Wednesday, September 3, 2008



I have this box, since elementary this is where I keep all the letters, gifts and souvenirs I got from friends. So to sum it up this box has been with me for the last 15 years. One day I've decided to take a look at it then reread all that is kept there when suddenly i found something that surprised me it was a simple drawing of the permanent tissues of plants, I thought that there isn't any special thing bout it but when i looked closer i have said that it was indeed special. the drawing was done by my greatest crush in high school. it made me think that i maybe have really loved the guy cause i could have trashed out that page from my biology notebook but i did not, and it has been in my keeping for 11 years now.

right after i saw the drawing i couldn't help but reminisce about him. he has these beautiful eyes that always made my day then, so beautiful that it smiles on its own and when it does it brought me a feeling of extraordinary serenity.

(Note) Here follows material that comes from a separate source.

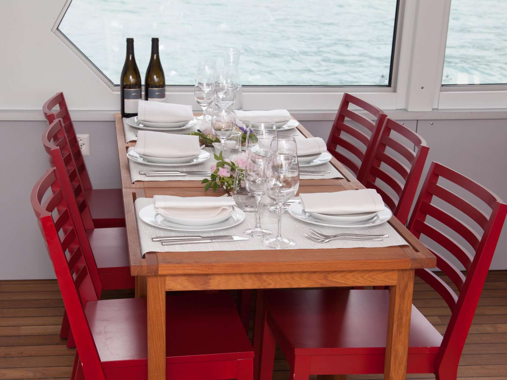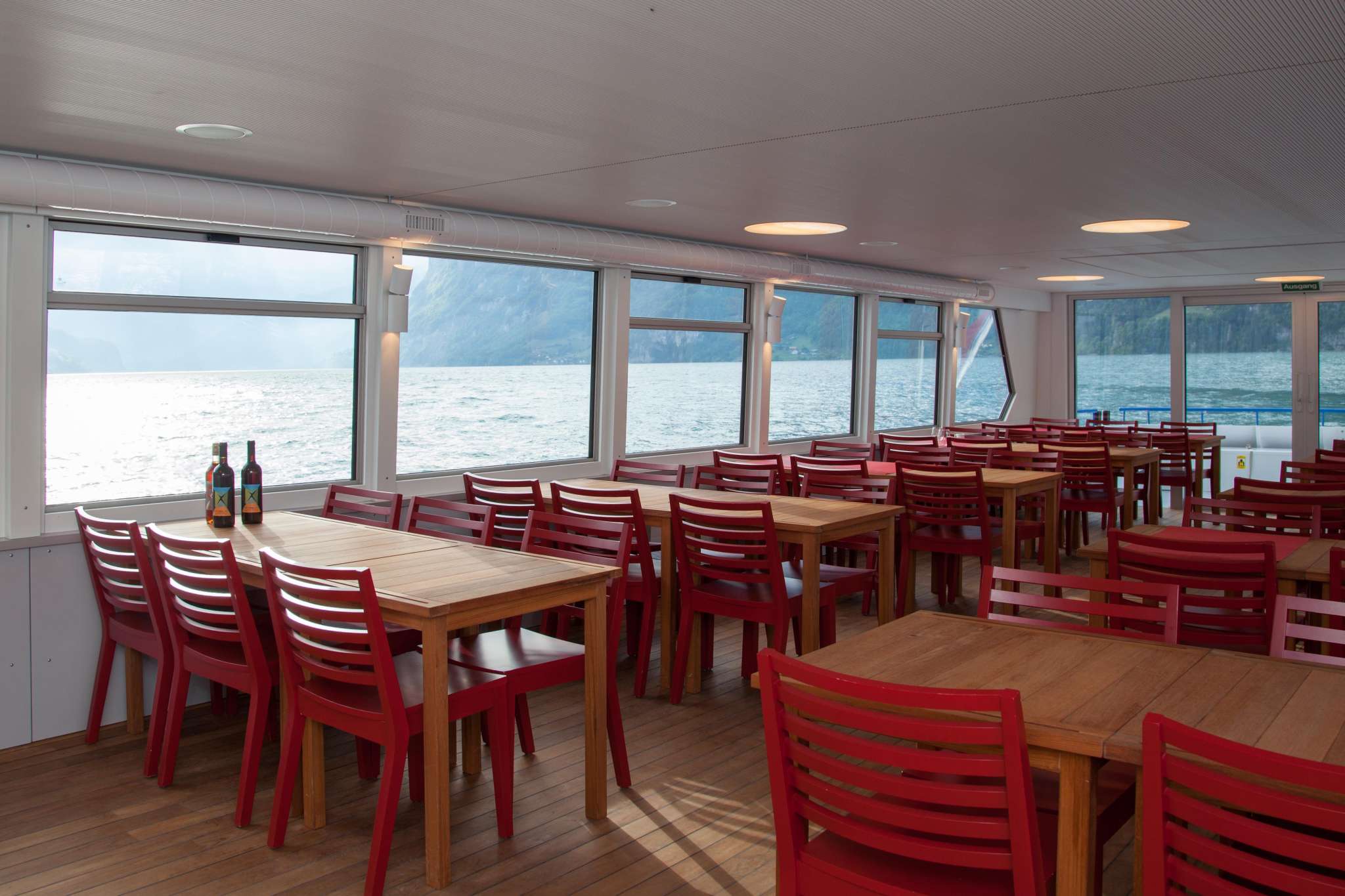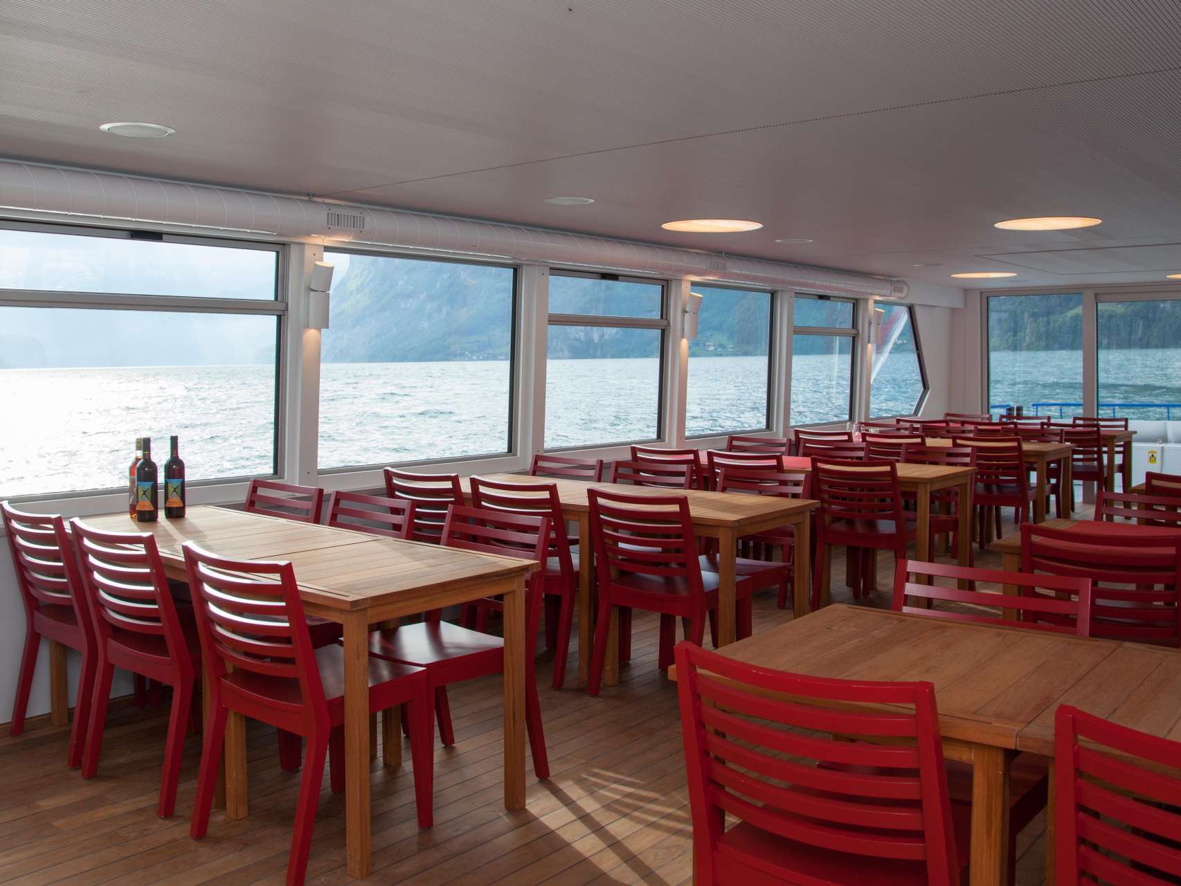 Das MS "Churfirsten", bietet viel Sicht auf den See. Moderne Tische und Stühle ermöglichen eine flexible und grosszügige Anordnung der Fahrgäste.

the question you're maybe asking is where is he now. January this year, that was after 9 years of not seeing each other, my best friend went to our house with him. i couldn't explain the feeling and as always i really could not look him straight in his eyes when we talked, haaAAyy! we have been texting each other from then on and we eventually became lovers on February 15 but sadly he left for abroad the next day. yah long distance relationship...!

the relationship has been a roller-coaster ride, we would always fight and sometimes over nonsense things. it has been a very difficult relationship but we knew that love was already there it was true and we held on to it. unfortunately just this august we broke up, I'm not sure if it's because the holding on wasn't that tight or maybe ne of us just realized that sometimes letting go can do good also.

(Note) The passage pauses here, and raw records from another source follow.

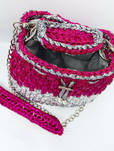 Finished with crochet bag handle, this must-have piece can be carried by the shine top handles or worn cross-body using the detachable chain strap.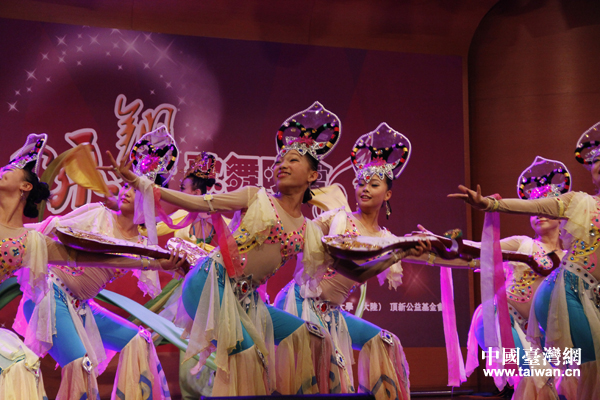 第六屆中華文化快車——北京心靈呼喚藝術團7日晚間在臺灣中國文化大學舉辦歌舞晚會,圖為演員們表演敦煌舞蹈《千手觀音》。(中國臺灣網 普燕 攝)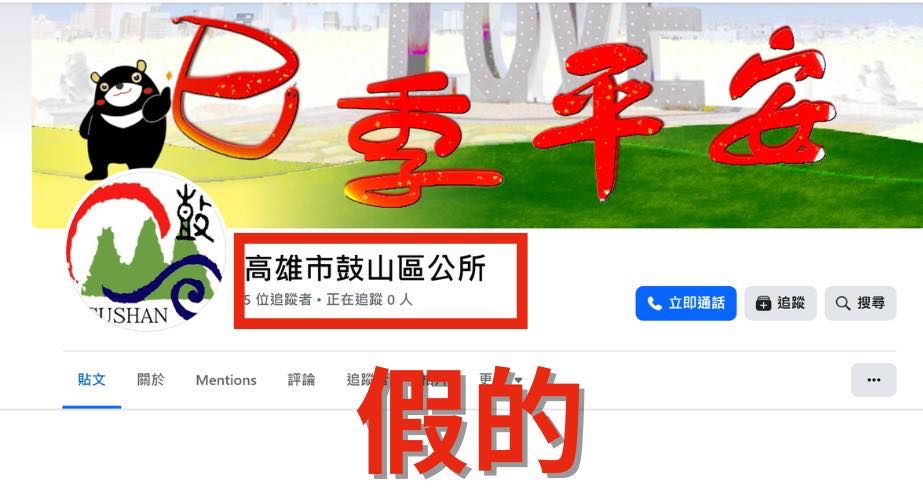 請認明高雄市鼓山區公所【唯一官方社群】:https://www.facebook.com/KCG.GUSHAN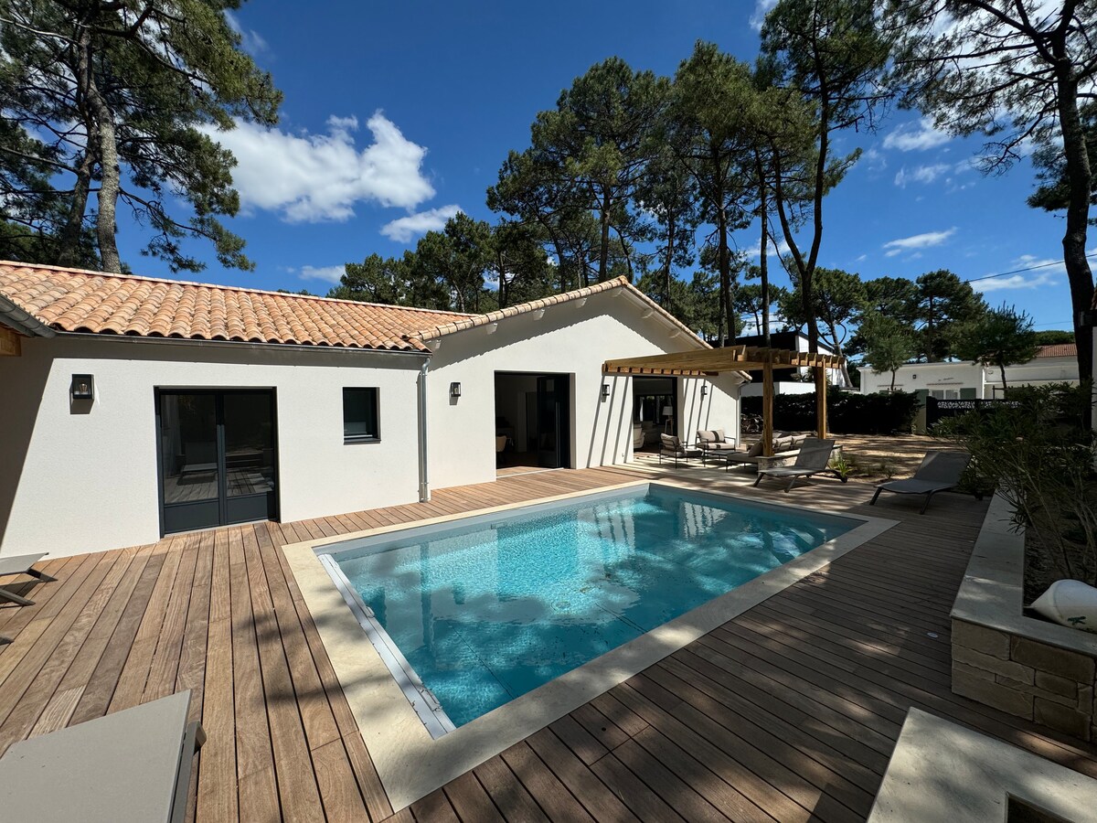 Luxueuse Villa de plain pied baignée de lumière sous les pins à 150 m de la plage avec piscine 4x6 chauffée de mai à septembre et sécurisée par un volet roulant. Située dans une impasse avec son parc arboré de 900 m2, fermé par un portail automatique , ses équipements sont de haute qualité. Vous pourrez prendre tous vos repas sur les terrasses en bois en toute tranquillité ou bien y faire la sieste en regardant les écureuils sautés d'arbre en arbre. Meublé de tourisme 4 étoiles

now i am trying so hard to make my way out of the breakup process easily but hell it's so impossible!! i still miss him and i really love him. just like that drawing i kept, after 11 years it surfaced, he surfaced. but now that i lost him i will still keep that drawing, for 10 or 20 years more, it doesn't matter anymore because keeping it is like keeping him. we never know maybe someday i may look at it again then i may have him back again.